What the task requires → Only these lines of the data below are wanted: the one with "gia giao thông.", the one with "Luật Trật tự, an", and any lines between them, each repeated exactly.

[[ Provided entries open ]]

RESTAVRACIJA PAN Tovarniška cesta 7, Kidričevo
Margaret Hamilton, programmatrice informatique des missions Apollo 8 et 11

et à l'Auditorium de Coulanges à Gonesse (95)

[[ Provided entries closed ]]
[[ Provided entries open ]]

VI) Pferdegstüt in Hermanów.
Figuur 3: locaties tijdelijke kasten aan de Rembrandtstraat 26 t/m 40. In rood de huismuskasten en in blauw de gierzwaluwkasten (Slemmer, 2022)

[[ Provided entries closed ]]
[[ Provided entries open ]]

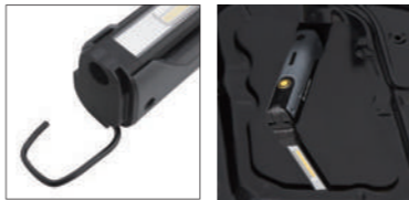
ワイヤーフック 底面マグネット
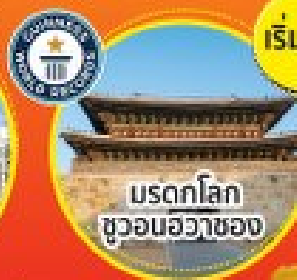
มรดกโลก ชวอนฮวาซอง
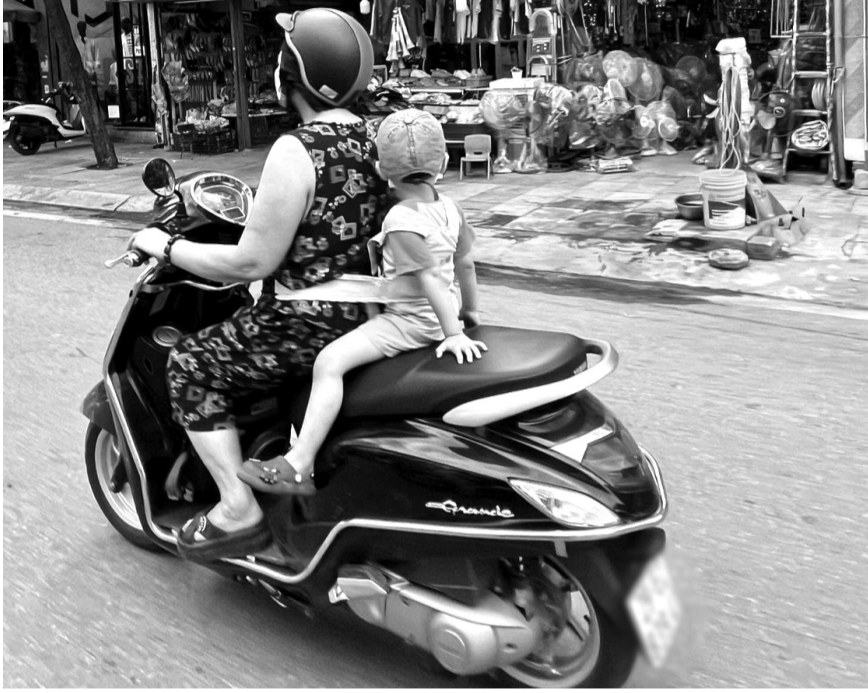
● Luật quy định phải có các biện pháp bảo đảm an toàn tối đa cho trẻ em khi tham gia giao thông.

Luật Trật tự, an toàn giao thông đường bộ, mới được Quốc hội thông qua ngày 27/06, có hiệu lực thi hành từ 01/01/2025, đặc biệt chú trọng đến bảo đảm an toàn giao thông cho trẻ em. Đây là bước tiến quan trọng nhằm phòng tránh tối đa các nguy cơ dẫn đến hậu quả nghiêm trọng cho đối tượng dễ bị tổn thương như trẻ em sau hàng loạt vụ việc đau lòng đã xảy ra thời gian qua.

[[ Provided entries closed ]]

Answer box →
● Luật quy định phải có các biện pháp bảo đảm an toàn tối đa cho trẻ em khi tham gia giao thông.

Luật Trật tự, an toàn giao thông đường bộ, mới được Quốc hội thông qua ngày 27/06, có hiệu lực thi hành từ 01/01/2025, đặc biệt chú trọng đến bảo đảm an toàn giao thông cho trẻ em. Đây là bước tiến quan trọng nhằm phòng tránh tối đa các nguy cơ dẫn đến hậu quả nghiêm trọng cho đối tượng dễ bị tổn thương như trẻ em sau hàng loạt vụ việc đau lòng đã xảy ra thời gian qua.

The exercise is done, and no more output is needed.